La muerte de Montes y sus hermanos y hermanas no fue en vano. Su caso sirvió entonces para que se denunciara internacionalmente un régimen militar asesino. En junio de 2009 el Frente Farabundo Marti de Liberación Nacional (FMLN) accedió a gobernar El Salvador tras ganar en las elecciones. Unos meses antes, la Audiencia Nacional española reabrió el caso de la matanza de los jesuitas y ordenó el procesamiento a 14 militares salvadoreños. Así se vieron obligados a viajar a para declarar en Madrid dos magistrados de la Corte Suprema, algo impensable para quienes viven allí. El presidente Funes del país condecoró después a los jesuitas en un acto con gran valor simbólico.
Gustavo Martín Garzo, escritor vallisoletano ganador del Premio Nadal y del Nacional de Literatura, se acaba de embarcar en la apasionante tarea de escribir sobre la vida y muerte de Segundo Montes. “En este relato voy a tratar de contar la vida de Santiago Montes; una vida tan marcada por esa vocación que él tenía desde que era muy niño, no por ser sacerdote, sino por ser misionero», explica Martín Garzo. “Quiero entrar en ese enigma de esas vidas que se ponen al servicio de los más necesitados en un mundo como el nuestro tan marcado por el individualismo. ¿Qué decisión lleva a alguien a entregar su vida por los demás?”, se pregunta el escritor vallisoletano.
Contra el feminicidio
Lydia Cacho, periodista mejicana que ha dedicado su vida a denunciar la corrupción criminal en su país, es otro caso de cómo la determinación de una mujer es capaz de derribar estructuras que parecían inamovibles.

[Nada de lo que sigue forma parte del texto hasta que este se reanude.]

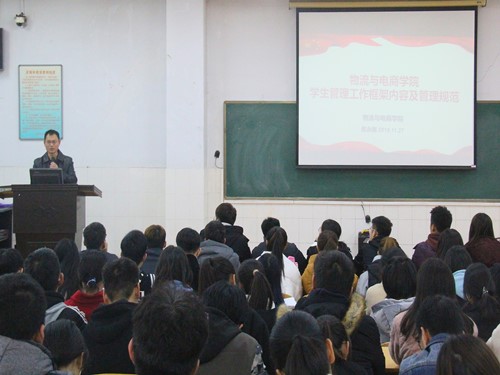 为了让学生干部了解我院学生管理规范,提高管理能力,促进我院学生工作的更好开展,12月5日中午12时40分,我院于教学楼E209开展了2019-2020学年第一期青马工程培训班第八次培训。本次培训由我院党委副书记陈永刚担任主讲人,以“学生管理工作框架内容及管理规范”为主题进行授课。我院19级全体团学会干事及各班班委参加了此次培训会。

El periodista Roberto Saviano, autor de Gomorra, (otro caso excepcional) ha calificado a Lydia como “un ejemplo para el periodismo en todo el mundo”.
Cacho escribió en 2005 ‘Los demonios del Edén’, un libro en el que se vinculaba a personalidades de la vida pública de México y a empresarios estadounidenses con una red de pederastia y pornografía infantil. Con su publicación se desató un escándalo político en México, y Cacho fue sometida a una campaña de presión muy fuerte con denuncias por difamación y calumnias, así como con amenazas de muerte para ella y para el equipo que la apoyaba en la investigación realizada. En diciembre de 2005 fue detenida en Quintana Roo por policías de Puebla que la condujeron encapuchada a ese Estado. Durante el trayecto, la periodista y defensora de los derechos humanos fue torturada psicológicamente y amenazada de muerte.
Esta mujer excepcional también se ha implicado desde hace más de una década en la denuncia del feminicidio que desde 1993 se está produciendo en Ciudad Juárez. Allí, en medio de la más absoluta impunidad, han sido asesinadas casi medio centenar de mujeres sin que se haya condenado hasta la fecha a un solo culpable.
En una sentencia histórica, hecha pública el pasado mes de diciembre, la Corte Interamericana de Derechos Humanos, con sede en Costa Rica, declaró culpable al Estado mexicano por ocho feminicidios cometidos en Ciudad Juárez (México). La sentencia da respuesta a una denuncia de Irma Monreal por la desatención de las autoridades mexicanas ante la desaparición y muerte de su hija de 15 años en Ciudad Juárez en el año 2001. Es la primera condena dictada sobre este caso flagrante de impunidad y crimen. La Corte ha sido contundente: el Estado debe reparar los daños y encontrar y castigar a los culpables. Cuando conoció la noticia, Lydia Cacho, que estaba en Canadá recibiendo el prestigioso premio PEN, se echó a llorar.